◆ Aim of the task ◆
Going line by line through the records below, write out everything starting with the line containing "円について、学習しています。" and going on through the line containing "Kimliyi naməlum qadın", exactly and inclusively. Pictures do not go in.

----- Working data

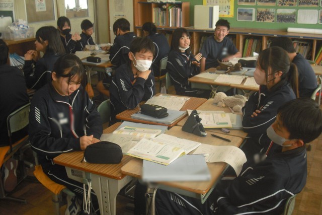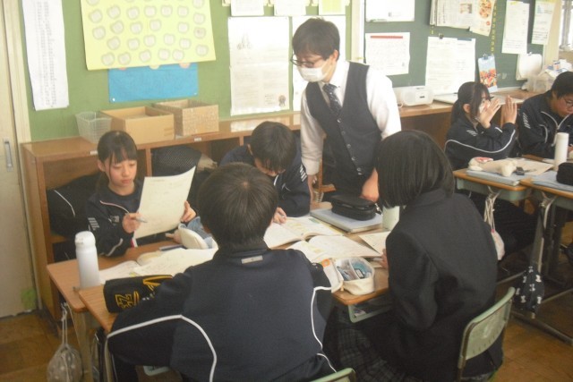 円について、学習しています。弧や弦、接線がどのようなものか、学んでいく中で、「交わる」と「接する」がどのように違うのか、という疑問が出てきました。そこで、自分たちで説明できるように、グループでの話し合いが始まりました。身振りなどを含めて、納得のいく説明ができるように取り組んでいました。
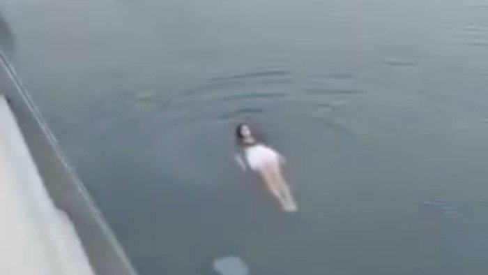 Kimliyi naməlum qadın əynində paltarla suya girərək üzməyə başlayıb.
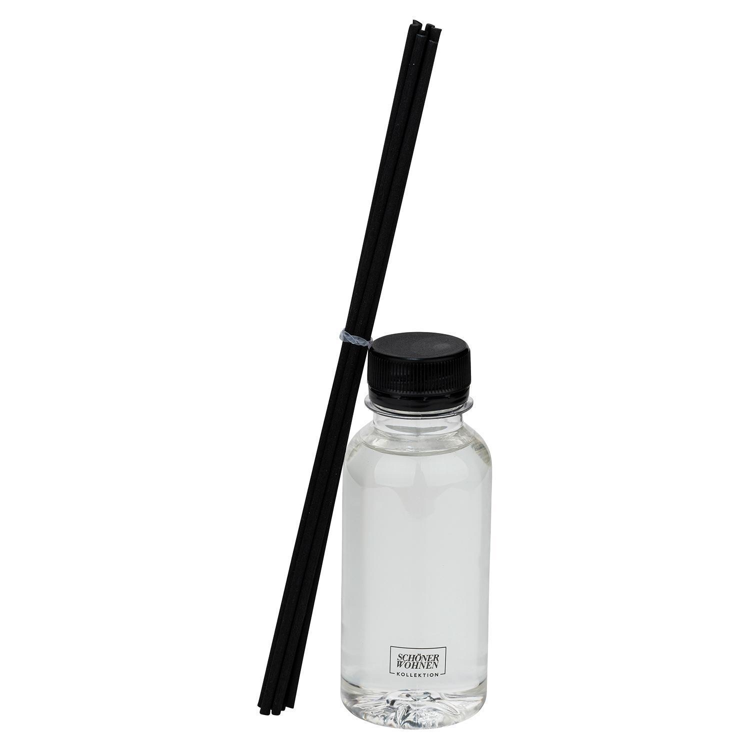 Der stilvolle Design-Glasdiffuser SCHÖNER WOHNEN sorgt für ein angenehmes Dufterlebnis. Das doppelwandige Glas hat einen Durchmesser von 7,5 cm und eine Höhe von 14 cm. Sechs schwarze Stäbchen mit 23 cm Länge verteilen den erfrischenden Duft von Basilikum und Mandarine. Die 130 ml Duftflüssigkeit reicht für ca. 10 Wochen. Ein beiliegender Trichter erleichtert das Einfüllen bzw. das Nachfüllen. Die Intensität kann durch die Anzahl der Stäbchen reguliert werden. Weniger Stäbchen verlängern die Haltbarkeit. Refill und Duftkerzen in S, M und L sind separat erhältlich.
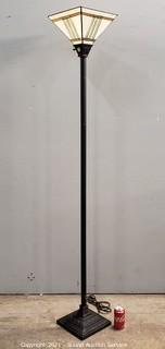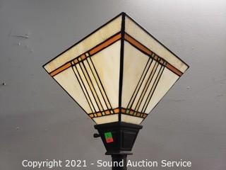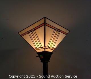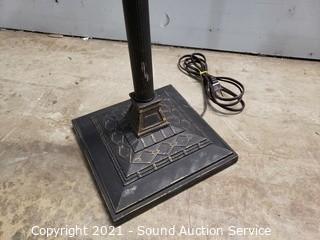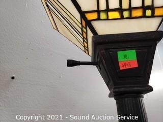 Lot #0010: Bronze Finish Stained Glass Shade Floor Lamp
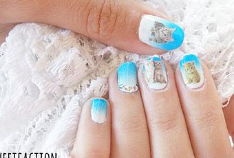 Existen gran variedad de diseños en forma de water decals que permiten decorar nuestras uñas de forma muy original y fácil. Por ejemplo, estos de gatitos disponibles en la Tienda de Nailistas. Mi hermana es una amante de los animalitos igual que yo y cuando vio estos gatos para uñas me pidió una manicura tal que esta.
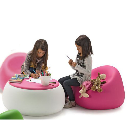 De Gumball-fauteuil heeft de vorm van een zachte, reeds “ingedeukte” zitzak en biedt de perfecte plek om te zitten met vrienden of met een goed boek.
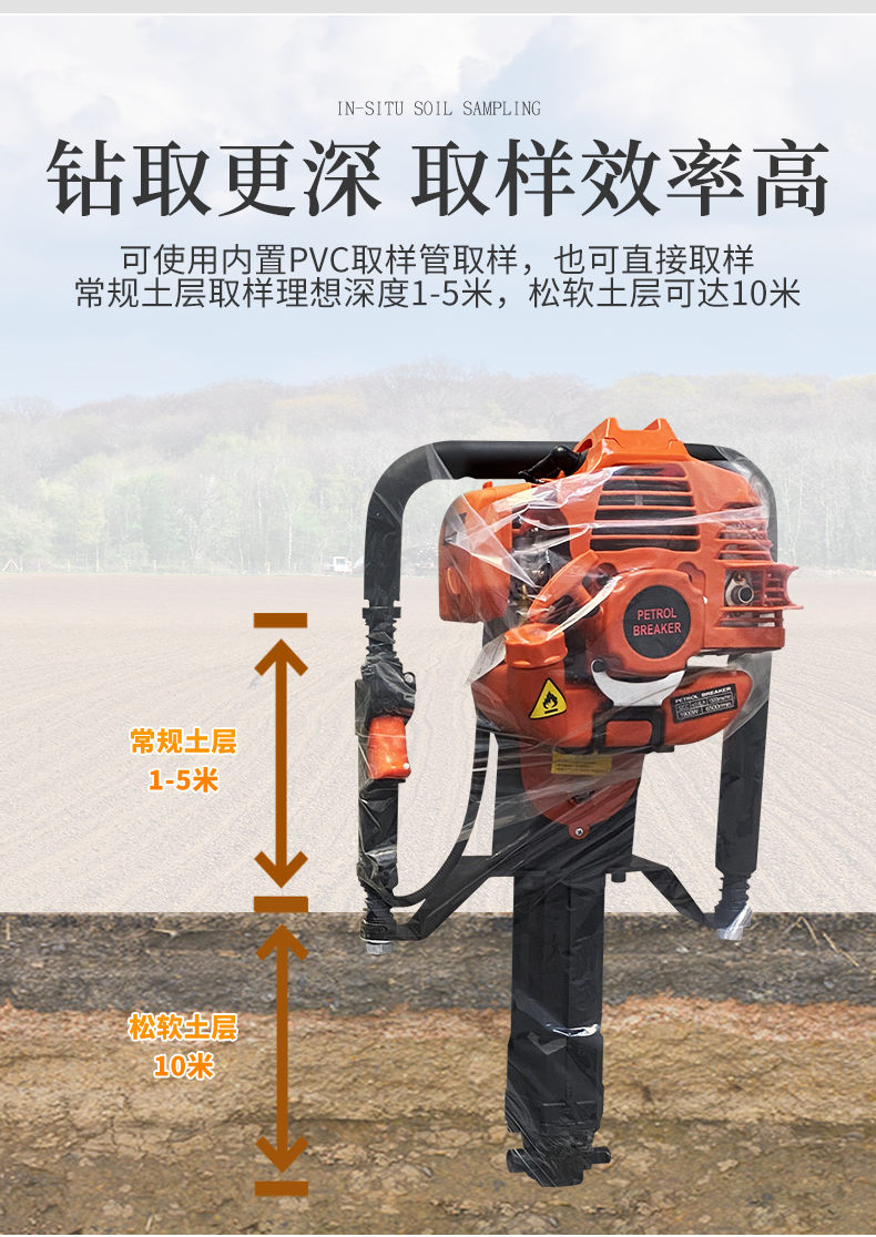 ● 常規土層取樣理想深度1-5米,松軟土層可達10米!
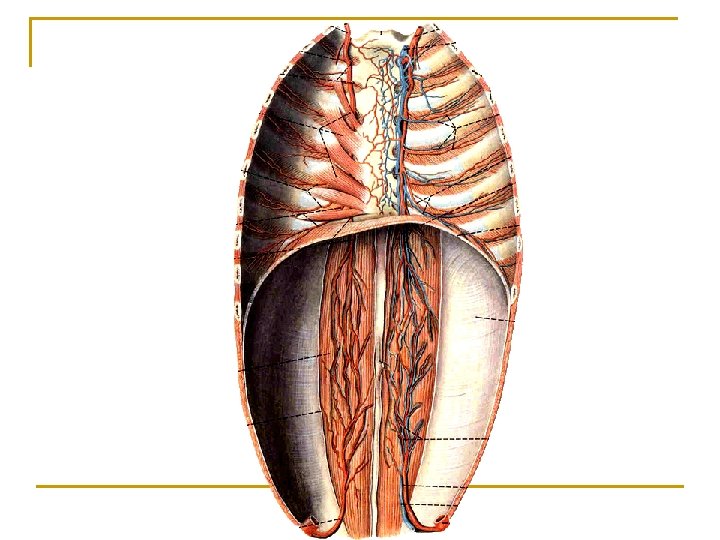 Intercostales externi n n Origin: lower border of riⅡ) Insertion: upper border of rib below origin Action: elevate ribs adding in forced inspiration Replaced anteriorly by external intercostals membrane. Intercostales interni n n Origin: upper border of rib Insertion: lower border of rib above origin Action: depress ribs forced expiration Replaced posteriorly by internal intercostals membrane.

----------
----- Working data

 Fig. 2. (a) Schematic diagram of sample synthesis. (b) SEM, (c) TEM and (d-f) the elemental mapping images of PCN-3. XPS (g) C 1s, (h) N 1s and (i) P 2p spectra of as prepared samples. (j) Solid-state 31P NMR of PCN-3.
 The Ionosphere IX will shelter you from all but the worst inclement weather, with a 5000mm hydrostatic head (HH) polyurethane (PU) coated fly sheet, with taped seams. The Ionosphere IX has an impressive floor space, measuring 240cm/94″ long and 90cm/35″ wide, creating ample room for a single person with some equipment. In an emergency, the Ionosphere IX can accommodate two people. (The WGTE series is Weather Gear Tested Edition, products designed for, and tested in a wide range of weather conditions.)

----------
----- Working data

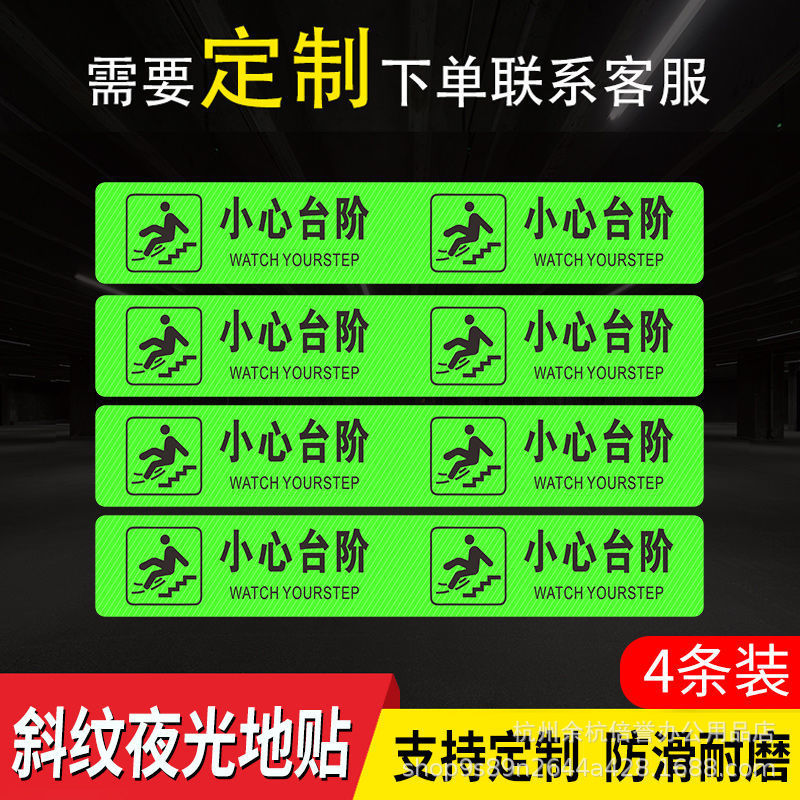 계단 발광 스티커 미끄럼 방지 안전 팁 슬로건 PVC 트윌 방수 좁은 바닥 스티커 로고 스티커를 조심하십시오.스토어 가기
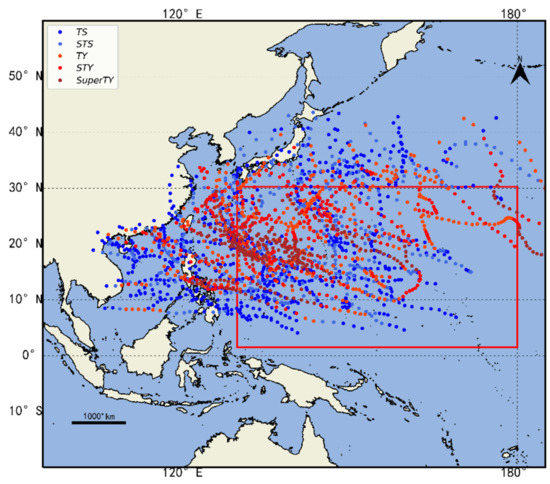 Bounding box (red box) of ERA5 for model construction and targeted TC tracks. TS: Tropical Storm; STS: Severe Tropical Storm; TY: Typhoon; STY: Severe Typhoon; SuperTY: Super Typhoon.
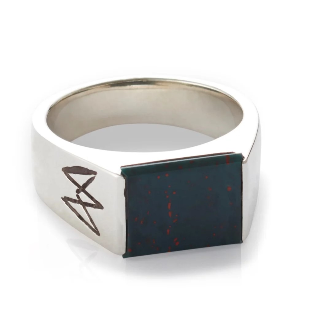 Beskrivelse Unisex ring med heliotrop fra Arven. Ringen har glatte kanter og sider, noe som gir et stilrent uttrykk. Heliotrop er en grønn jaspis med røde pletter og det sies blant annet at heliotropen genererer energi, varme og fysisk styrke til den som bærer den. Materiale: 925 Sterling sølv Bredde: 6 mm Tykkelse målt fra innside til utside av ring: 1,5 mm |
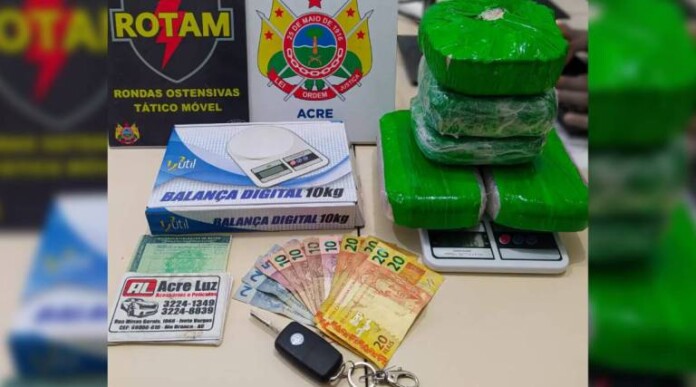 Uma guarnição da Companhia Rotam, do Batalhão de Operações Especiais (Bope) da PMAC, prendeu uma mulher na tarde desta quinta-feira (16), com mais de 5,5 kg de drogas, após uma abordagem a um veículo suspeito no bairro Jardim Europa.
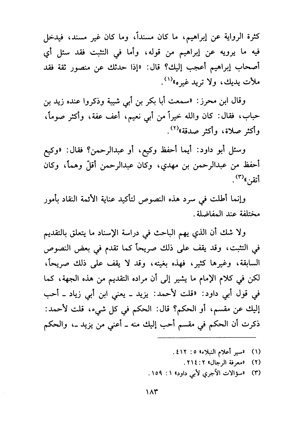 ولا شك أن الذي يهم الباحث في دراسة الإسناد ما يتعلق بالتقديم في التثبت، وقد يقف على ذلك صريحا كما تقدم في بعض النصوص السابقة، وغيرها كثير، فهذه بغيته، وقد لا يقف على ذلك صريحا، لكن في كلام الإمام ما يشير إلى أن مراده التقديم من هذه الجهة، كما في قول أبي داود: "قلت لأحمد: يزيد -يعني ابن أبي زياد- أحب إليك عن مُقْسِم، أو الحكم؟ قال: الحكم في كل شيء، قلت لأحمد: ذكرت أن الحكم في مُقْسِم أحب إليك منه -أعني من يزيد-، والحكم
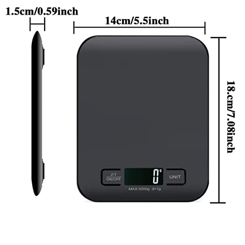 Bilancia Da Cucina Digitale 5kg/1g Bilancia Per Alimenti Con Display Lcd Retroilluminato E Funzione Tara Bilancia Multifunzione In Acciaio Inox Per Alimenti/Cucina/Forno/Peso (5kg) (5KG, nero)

----------

◆ Solution below ◆
 円について、学習しています。弧や弦、接線がどのようなものか、学んでいく中で、「交わる」と「接する」がどのように違うのか、という疑問が出てきました。そこで、自分たちで説明できるように、グループでの話し合いが始まりました。身振りなどを含めて、納得のいく説明ができるように取り組んでいました。
 Kimliyi naməlum qadın əynində paltarla suya girərək üzməyə başlayıb.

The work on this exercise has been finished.